Monday, October 6, 2014


AM | @HDI1780

"... conserver l'harmonie dans un état." — Élie Luzac

Élie Lucac (1723-1796) was a tremendously prolific writer and editor. As a young editor, he courted controversy by publishing La Mettrie's L'homme machine in 1748. The scandal was such that the author was forced to flee Holland. According to Ann Thomson, Luzac later claimed that he saved the Frenchman's life by escorting him safely out of the country: "Sans moi il eut monté sur l'Echafaut comme un miserable bandit" [see]. But that wasn't the end of Luzac's travails. Jonathan Israel explains:

Luzac opposed La Mettrie's materialist views but believed that is was right to publish and refute them. The Walloon Church Consistory at Leiden disagreed and instigated vigorous moves against him. Luzac published his L'Homme plus que machine (1748), to defend himself against charges that he was propagating materialism, and also quarreled with La Mettrie over a money matter ... he found it prudent to move to Germany for two years until the affair blew over [1].

As the century progressed, Luzac became increasingly wary of philosophes and their calls for broad-based political reform and even revolution. He was a staunch Orangist; not surprisingly, he rejected Raynal's many-folded criticism of the Stadhouder. In his Lettres sur les dangers de changer la constitution primitive d'un gouvernement public (1792), Luzac warns against the self-serving tempation, common to all revolutionaries, to denigrate the previous regime as the epitome of barbarism: "Il n'y a que peu d'années, que votre abbé Raynal parla de votre République [les Provinces Unies] à peu près comme M. MILLOT parle d'Athènes. A l'en croire, on diroit, que du tems de PHILIPPE II Roi d'Espagne, vos Ancêtres étoient à peu près sauvages" [see]. There is continuity in history!

* * *

In his excellent essay on Luzac, E. H. Kossmann describes the Dutchman's favorable view of the mixed constitution: "Natuurlijk heeft Luzac als goede conservatief grote waardering voor de zogenaamde gemengde staatsvorm waarin monarchie, aristocratie en democratie elk een plaatsje vinden" [2]. But what looks strikingly modern in Luzac's thought, says Mr. Kossmann, is his description of the mixed consitution as the only regime that creates ... harmony. A mixed constitution may be needed as a checks-and-balances mechanism that minimizes the damage created by diverging passions and interests, but it should be more than that: "Nous devons regarder comme le premier de nos devoirs de conserver l'harmonie dans un état".

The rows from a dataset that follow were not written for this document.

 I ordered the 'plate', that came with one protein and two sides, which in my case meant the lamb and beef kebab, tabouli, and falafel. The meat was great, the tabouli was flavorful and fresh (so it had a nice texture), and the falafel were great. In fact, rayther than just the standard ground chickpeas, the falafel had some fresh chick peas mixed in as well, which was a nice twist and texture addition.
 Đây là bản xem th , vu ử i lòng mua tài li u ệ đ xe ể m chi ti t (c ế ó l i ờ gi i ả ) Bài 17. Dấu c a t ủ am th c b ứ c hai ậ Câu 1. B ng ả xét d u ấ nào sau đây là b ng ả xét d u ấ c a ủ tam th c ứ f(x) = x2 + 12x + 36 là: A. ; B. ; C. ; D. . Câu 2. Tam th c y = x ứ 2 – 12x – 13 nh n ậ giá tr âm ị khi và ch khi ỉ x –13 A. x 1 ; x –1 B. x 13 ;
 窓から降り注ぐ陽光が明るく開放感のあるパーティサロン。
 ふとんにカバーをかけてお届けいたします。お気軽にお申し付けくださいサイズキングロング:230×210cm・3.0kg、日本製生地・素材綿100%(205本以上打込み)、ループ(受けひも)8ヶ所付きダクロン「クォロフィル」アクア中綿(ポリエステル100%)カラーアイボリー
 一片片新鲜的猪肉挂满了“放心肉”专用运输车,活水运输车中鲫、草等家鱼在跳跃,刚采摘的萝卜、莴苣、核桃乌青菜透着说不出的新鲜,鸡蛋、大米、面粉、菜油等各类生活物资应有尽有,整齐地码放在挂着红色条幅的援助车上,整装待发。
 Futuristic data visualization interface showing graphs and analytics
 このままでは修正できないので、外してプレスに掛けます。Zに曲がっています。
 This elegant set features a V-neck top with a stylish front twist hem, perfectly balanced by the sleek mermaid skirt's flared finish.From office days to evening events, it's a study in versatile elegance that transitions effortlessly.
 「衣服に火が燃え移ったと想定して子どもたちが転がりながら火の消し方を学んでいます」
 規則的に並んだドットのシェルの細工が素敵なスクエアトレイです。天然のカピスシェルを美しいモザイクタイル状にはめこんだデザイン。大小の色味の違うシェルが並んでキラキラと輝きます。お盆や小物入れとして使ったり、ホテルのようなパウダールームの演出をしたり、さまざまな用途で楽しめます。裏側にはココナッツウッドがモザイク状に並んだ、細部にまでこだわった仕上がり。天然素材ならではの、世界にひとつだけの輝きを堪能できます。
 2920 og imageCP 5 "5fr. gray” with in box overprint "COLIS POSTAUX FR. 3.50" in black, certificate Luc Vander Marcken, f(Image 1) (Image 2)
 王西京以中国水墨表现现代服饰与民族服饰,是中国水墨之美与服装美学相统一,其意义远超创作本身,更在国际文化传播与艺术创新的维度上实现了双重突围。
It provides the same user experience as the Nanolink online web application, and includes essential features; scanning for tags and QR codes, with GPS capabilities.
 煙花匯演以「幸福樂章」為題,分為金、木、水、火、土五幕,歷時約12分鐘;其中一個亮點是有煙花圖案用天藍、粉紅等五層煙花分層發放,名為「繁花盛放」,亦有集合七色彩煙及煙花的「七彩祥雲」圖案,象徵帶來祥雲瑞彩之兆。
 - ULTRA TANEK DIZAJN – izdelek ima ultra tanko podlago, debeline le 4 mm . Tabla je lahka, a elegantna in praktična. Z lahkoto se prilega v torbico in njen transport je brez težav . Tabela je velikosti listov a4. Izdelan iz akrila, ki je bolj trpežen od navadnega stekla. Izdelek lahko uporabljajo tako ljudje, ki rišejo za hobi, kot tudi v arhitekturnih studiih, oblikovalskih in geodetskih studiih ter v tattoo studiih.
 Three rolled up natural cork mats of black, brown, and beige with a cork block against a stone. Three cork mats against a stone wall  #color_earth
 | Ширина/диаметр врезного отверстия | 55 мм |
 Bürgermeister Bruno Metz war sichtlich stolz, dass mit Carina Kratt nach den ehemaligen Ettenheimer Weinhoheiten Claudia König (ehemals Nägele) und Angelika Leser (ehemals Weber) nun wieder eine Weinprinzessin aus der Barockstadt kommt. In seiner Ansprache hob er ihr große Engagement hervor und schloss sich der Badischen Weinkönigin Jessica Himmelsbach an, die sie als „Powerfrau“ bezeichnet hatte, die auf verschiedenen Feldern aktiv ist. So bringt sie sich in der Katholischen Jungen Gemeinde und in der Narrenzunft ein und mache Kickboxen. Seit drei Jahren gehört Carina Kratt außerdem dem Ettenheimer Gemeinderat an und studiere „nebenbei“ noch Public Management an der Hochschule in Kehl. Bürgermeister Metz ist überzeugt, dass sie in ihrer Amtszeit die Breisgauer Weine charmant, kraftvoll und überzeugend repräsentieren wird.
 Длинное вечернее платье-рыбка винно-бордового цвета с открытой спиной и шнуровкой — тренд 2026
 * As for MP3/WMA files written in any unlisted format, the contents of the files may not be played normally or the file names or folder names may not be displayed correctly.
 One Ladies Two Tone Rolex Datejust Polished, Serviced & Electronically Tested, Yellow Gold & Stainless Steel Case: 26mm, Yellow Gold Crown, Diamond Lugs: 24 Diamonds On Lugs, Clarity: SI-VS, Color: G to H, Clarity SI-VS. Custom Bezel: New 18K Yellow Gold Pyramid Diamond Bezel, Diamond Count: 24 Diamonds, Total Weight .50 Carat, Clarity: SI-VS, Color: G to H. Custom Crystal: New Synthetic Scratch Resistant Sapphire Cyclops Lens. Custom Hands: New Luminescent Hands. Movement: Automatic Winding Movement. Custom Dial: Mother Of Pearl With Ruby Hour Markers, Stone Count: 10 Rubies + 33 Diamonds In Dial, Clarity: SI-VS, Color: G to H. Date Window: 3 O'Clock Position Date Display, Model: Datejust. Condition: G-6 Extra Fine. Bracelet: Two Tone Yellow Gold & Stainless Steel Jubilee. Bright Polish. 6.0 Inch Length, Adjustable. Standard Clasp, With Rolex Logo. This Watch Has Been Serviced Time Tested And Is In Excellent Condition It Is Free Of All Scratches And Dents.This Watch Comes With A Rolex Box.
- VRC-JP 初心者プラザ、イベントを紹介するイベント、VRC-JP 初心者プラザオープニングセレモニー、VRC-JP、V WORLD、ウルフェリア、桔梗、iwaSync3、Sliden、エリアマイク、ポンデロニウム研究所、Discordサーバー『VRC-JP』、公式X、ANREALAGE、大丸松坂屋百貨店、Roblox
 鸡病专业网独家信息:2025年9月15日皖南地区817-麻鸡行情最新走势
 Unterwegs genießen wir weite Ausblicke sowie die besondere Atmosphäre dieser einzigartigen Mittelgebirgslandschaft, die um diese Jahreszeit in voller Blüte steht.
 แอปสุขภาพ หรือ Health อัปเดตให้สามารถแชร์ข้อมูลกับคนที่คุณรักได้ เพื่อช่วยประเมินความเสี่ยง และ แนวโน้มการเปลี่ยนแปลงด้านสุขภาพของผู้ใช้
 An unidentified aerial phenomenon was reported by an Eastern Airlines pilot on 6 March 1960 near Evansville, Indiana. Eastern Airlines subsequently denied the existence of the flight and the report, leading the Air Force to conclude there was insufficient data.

Perhaps Luzac feared the increasing popularity, especially among young people, of rousseauist thought and its wildly seductive views about bonté naturelle de l'homme—which seemingly destroyed the case for political checks and balances. (Jovellanos would face the same problem in Spain in 1808-1811, and John Adams was about to go through a similar ordeal in the United States). This is why he yearned for an optimistic explanation of mixed government. Appropiately enough, E. H. Kossmann closes his essay by praising Élie Luzac's "verlichte conservatisme" and his "optimistische visie op de wereld".

[1] Jonathan Israel. The Dutch Republic. Its Rise, Greatness, and Fall 1477-1806. Oxford University Press, 195, p. 1063.

[2] E. H. Kossmann: "Verlicht conservatisme: over Elie Luzac", in Geschiedenis is als een olifant. Amsterdam: Bert Bakker, 2005, pp. 191-205.